Products evolve fast, but protocols evolve slowly. The infrastructure and design principles that formed the early web were rapidly outpaced by the web app and mobile revolution in quick succession. Using the internet in 2022 is radically different from the hyperlink-ridden early days of the internet, but many legacy protocols including URIs and request-response REST APIs are still used heavily in modern applications.
Without a native identity system, the bloated User
structures held data in silos that were only accessible to the platform companies running the servers. The legacy data structures that worked well for the read-only web became the means for the centralized data oligopoly that is seen today. Email identity evolved to become “Social Login” protocols like OpenID Connect and OAuth, creating hubs of proprietary user identities.
The initial client-server design of web architecture is what gave rise to this centralization. While companies like Facebook have been quick to monetise and monopolize their data advantage, they are not solely to blame for the current system.
Data architecture from first principles
To preserve human autonomy online, applications should be designed with the ability to migrate and move user-generated data between competing platforms: resulting in a form of credible exit. This prevents extractive exploitation of users and aligns incentives for digital platforms to provide competitive services.
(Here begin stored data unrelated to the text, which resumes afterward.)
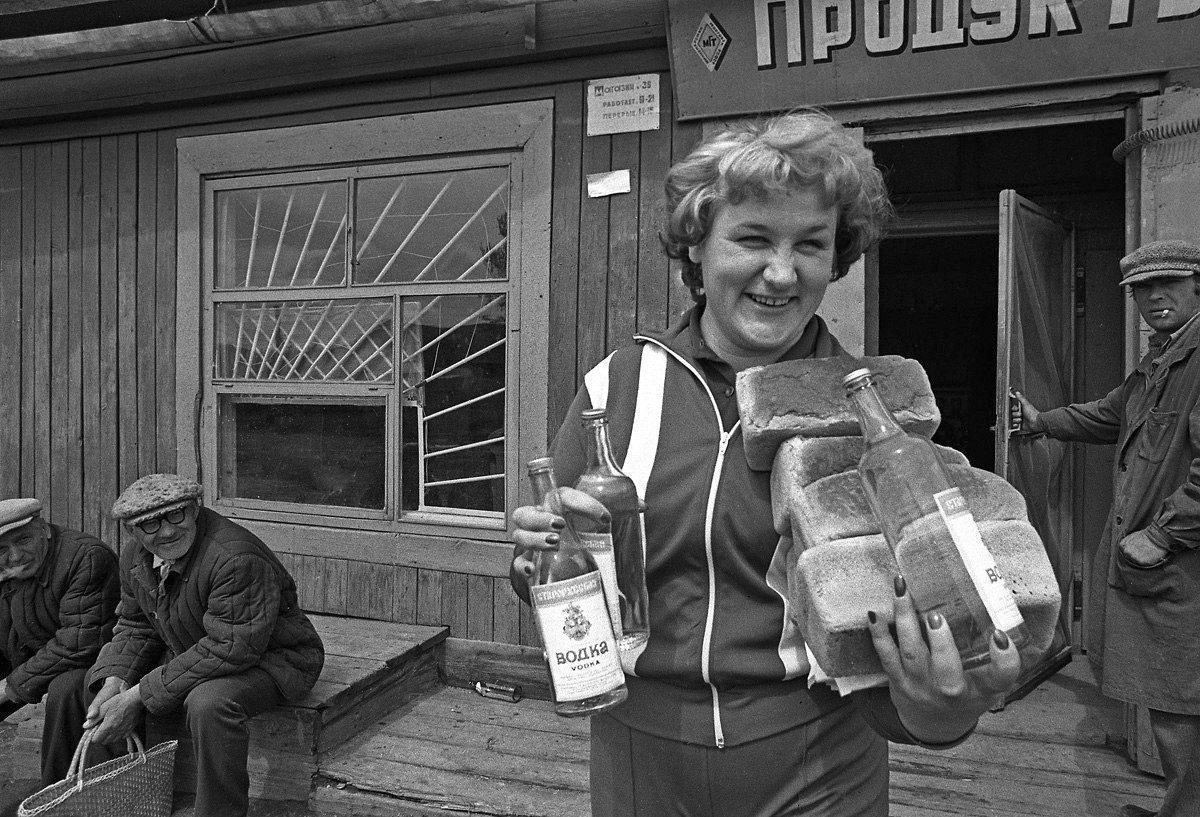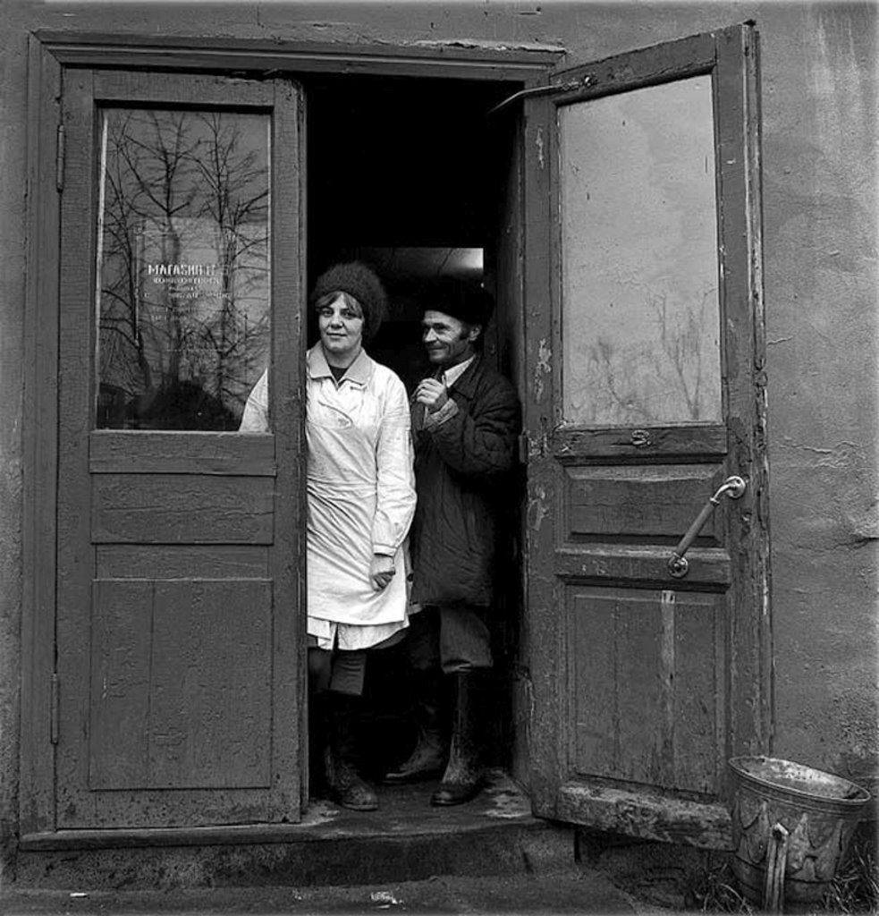Вот тоже такой типичный провинциальный советский магазин. Сверху висит вывеска «Продукты», опционально там ещё могло быть написано что-то вроде «Магазин №14 Райпищепрома». Женщина выходит из дверей, отоварившись тем самым кислым хлебом «кирпич» и тремя бутылками водки… Женщина, кстати, весьма по местным меркам зажиточная — с маникюром и какой-никакой прической, в модной мастерке на молнии. Сильно контрастирует с местным окружением, одетым в ватники.
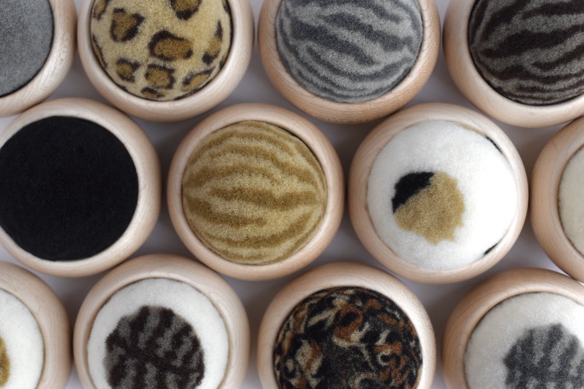 羊毛でアニマル柄のけだまや草を食べている動物を作っています。
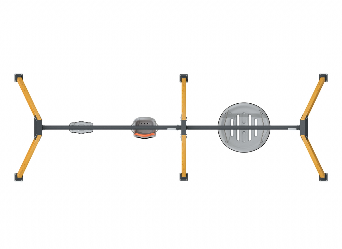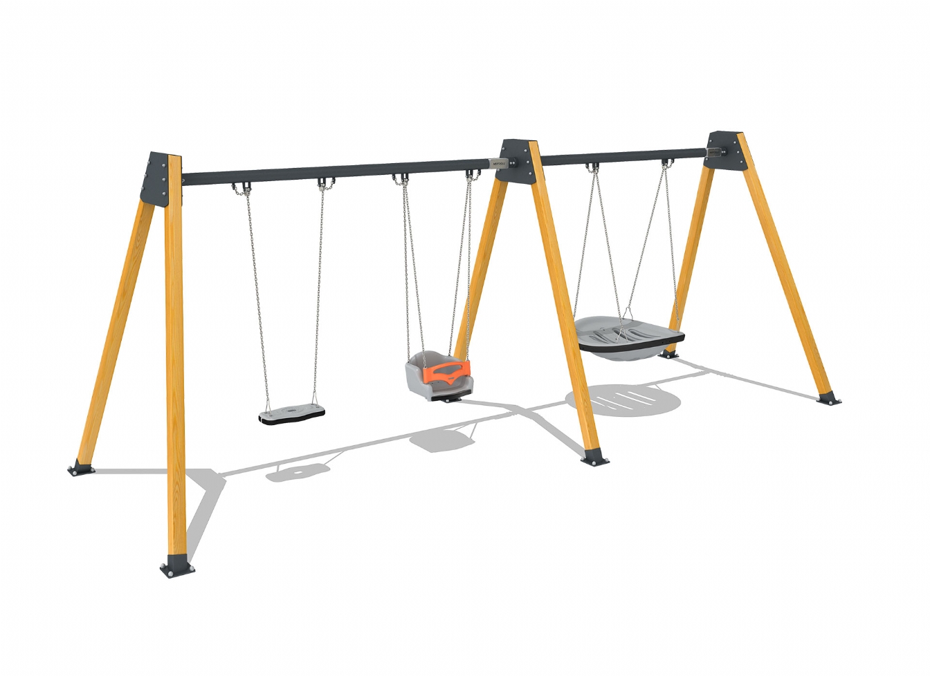 Gungställning Ralena är utvecklad för lekplatser där man vill erbjuda klassisk gunglek med hög kapacitet och tålig konstruktion. Produkten har höjd 670 cm. Specifikationen omfattar säkerhetszon L 970 x W 768. Utförandet i polykarbonat och träen ger en tålig konstruktion som lämpar sig för återkommande användning i krävande miljöer.

A pre-requisite for that future is self-sovereign and internet-native identity. Without internet-native identity, it is impossible to link data to its creator and thereby enforce data ownership rights. Without self-sovereign identity, it is impossible to trust-lessly ensure that a single player is unable to aggregate and control a large number of identities. This sort of identity system is currently being made possible through public key cryptography and decentralized identity systems like DID and UCAN.
Data stores could then be attached to global user identities rather than application-specific identities. In that way, the holder of a digital identity has the final say in which applications access their data and in what way, through cryptographic methods like W3C’s Verifiable Credentials.
Global identity systems which power personal data stores with broad interoperability would be the first-principles answer to creating web applications that maximise human autonomy. Some projects like Solid Protocol and Distributed Web Node are already working towards that ideal.
The lessons learnt from history are a reminder of how data structures influence data control, and the importance of designing systems that nudge the world towards being a more self-sovereign place. Only by thinking through the designs of these systems will the vision of digital human autonomy, finally be realized.